We can determine the roots by simplifying the result of our calculation further:

\[y = \frac{-10 + 71.42}{4} = \frac{61.42}{4} \approx 15.36\]

\[y = \frac{-10 – 71.42}{4} = \frac{-81.42}{4} \approx -20.36\]

Since age cannot be negative, we reject the negative root. Therefore, the younger sibling is approximately 15.36 years old.

Step 5: Find the age of the older sibling

To find the age of the older sibling, we simply add 5 to the age of the younger sibling:

\[y + 5 \approx 15.36 + 5 = 20.36\]

Therefore we can say that the younger sibling is approximately 15 years old, and the older sibling is approximately 20 years old.

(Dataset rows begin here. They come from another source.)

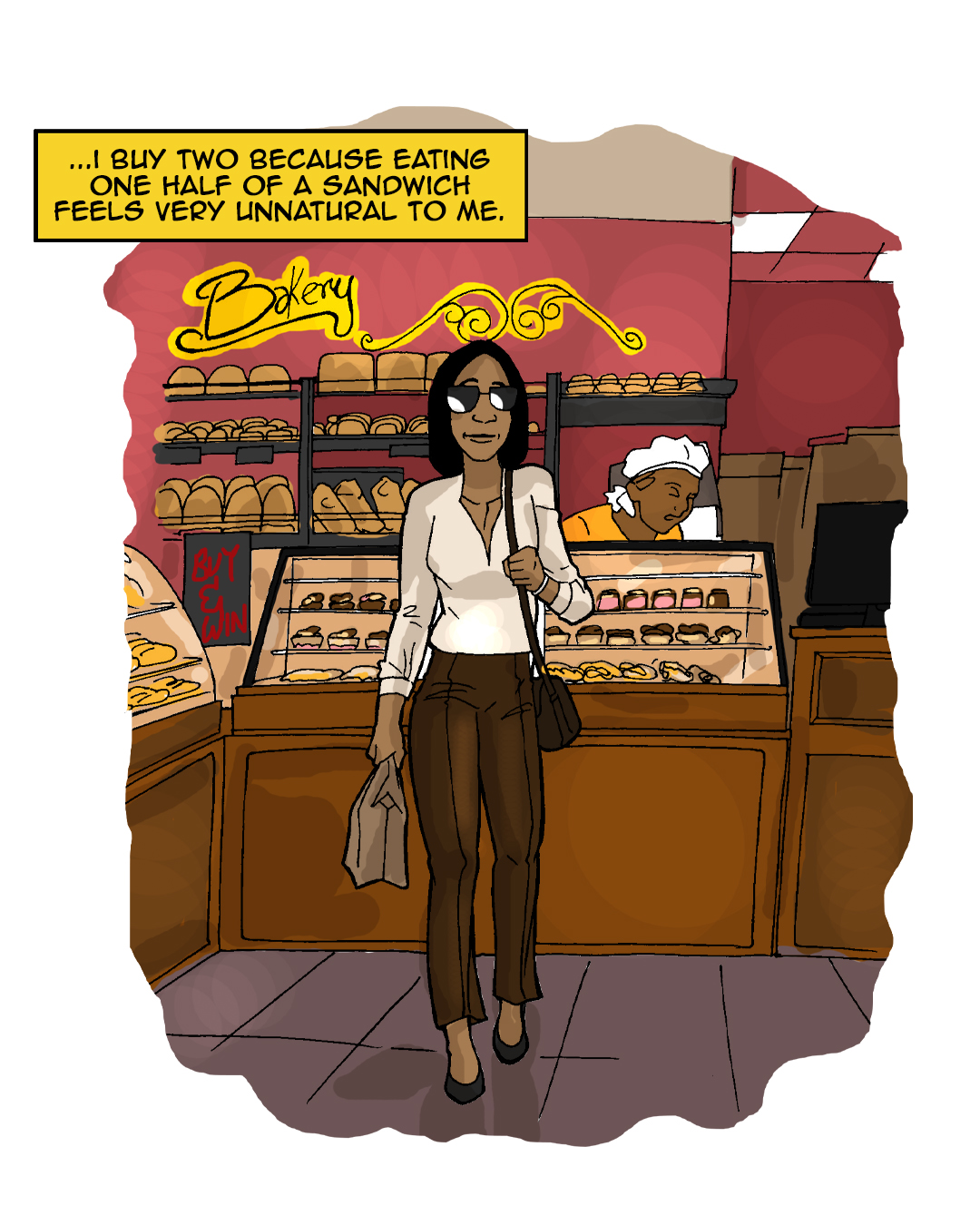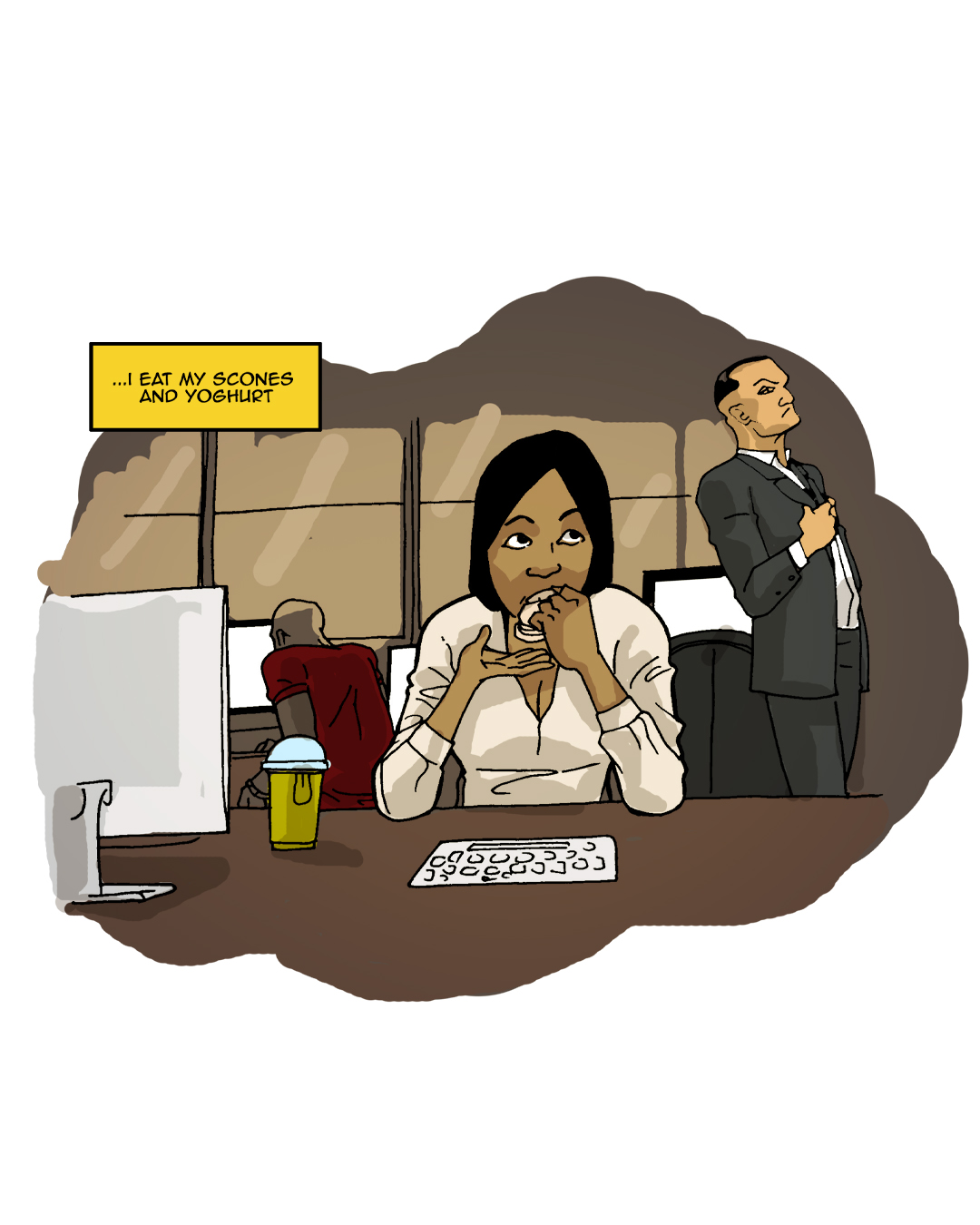 8:45 a.m. – I pack my scone and yoghurt and remember not to stop at my bakery. I’m running late for work anyway.
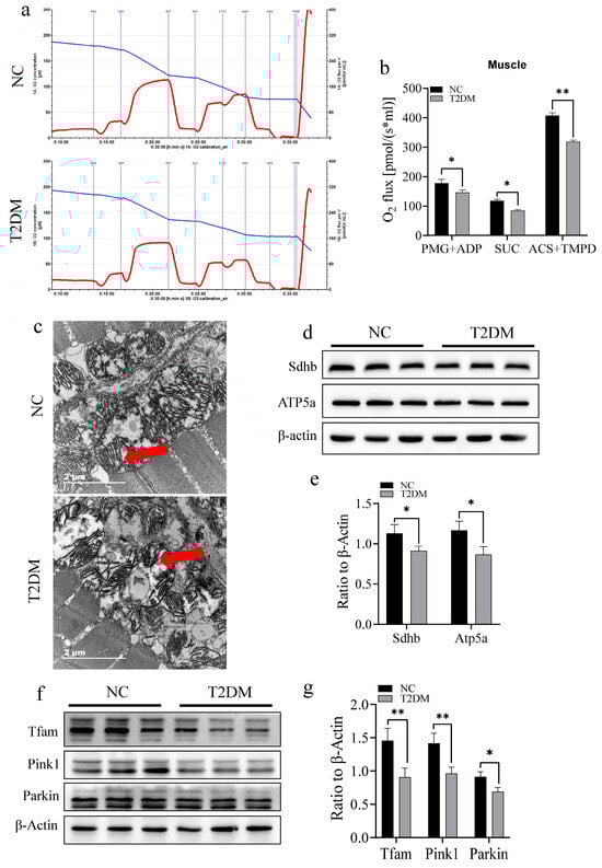 Type 2 diabetes mellitus (T2DM) causes mitochondrial dysfunction in the skeletal muscle of zebrafish. (a) Mitochondrial respiration test chart. The blue curve represents the oxygen content, while the red curve represents the curve of oxygen consumption change. (b) T2DM significantly reduces the respiratory capacity of skeletal muscle mitochondria, where PMG+ADP is the activity of complex I, SUC is the activity of complex II, and ACS+TMPD is the activity of complex IV. (c) Transmission electron microscope image of zebrafish mitochondria; T2DM induces the loss of intramitochondrial cristae (red arrow), scale bar: 2 μm. (d,e) T2DM downregulates the expression of key proteins of the mitochondrial respiratory chain complex in the skeletal muscle of zebrafish (Sdhb and Atp5a). (f,g) T2DM downregulates the expression of key proteins in muscle mitochondrial quality control (Tfam, Pink1, and Parkin). * p < 0.05, ** p < 0.01. (n = 3 samples/group).
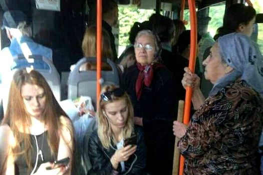 Imaginea surprinde câteva tinere care ocupă locurile dintr-un autobuz de transport în comun, în timp ce două femei bătrâne călătoresc în picioare.
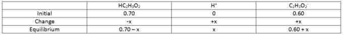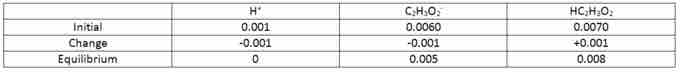 Next, calculate the pH change for a buffer with [HC2H3O2] = 7 mM (7 x 10-3 molar) and [C2H3O2-] = 6 mM (6 x 10-3 molar). The Ka for acetic acid is 1.8 x 10-5.
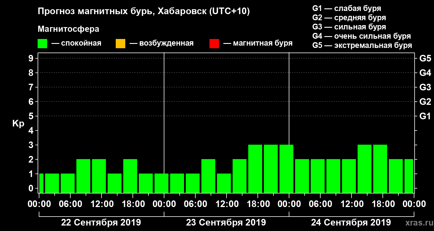 Прогноз магнитных бурь в Хабаровске — 22 сентября 2019 года
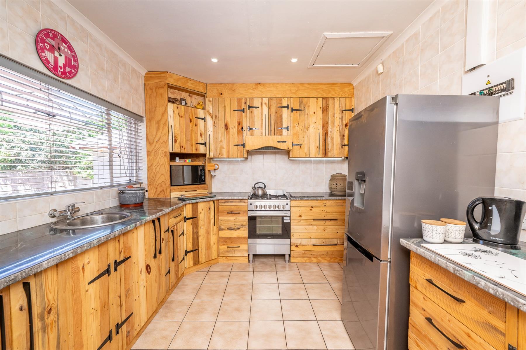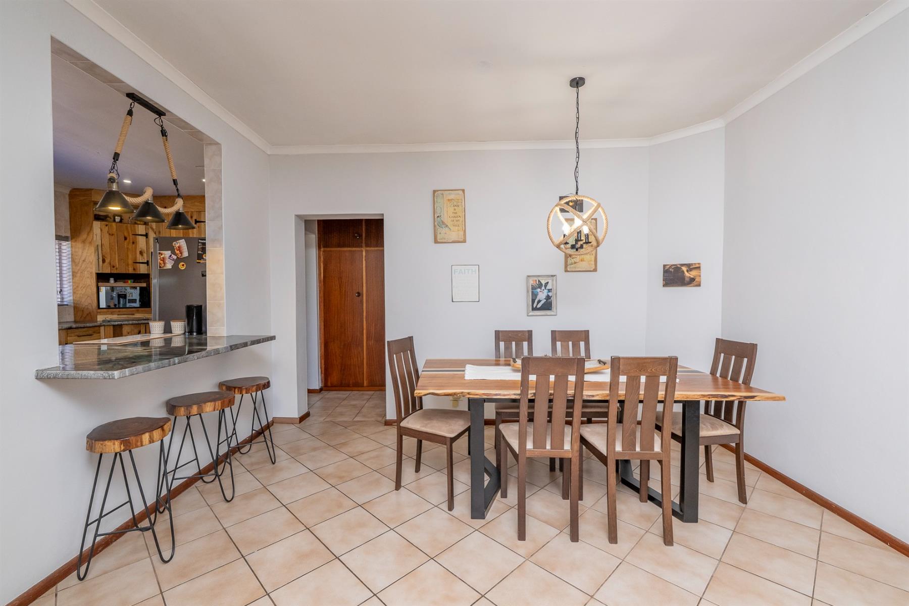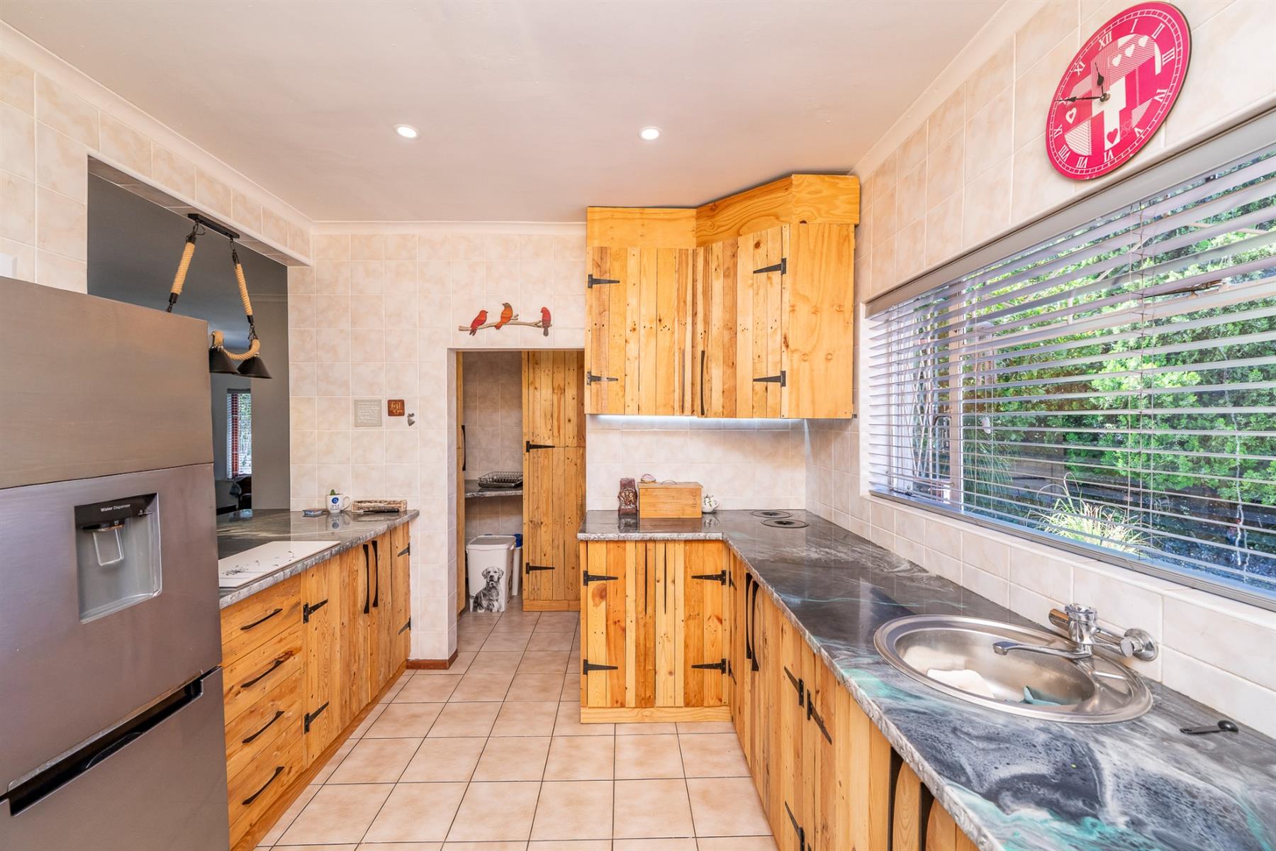 As you enter, you are welcomed into a formal lounge, dining area, and a TV room fitted with air conditioning. The kitchen features a charming rustic farmhouse style and is thoughtfully designed with ample cupboard space, complemented by a separate scullery.

My hope is that the quadratic formula word problems answer key and lesson I’ve shared here helps you feel more comfortable applying this important tool.

Your next step is to practice!

Take some time to review the problems as well as the answer keys provided.

As you can see, there are a wide variety of problems that can be solved using the quadratic formula. Just remember that the quadratic formula is only one tool amongst many different methods that can be used to solve quadratic equations. 

To learn more about the tools that we can use to solve quadratic equations, check out my walkthrough on how to factor quadratic trinomials !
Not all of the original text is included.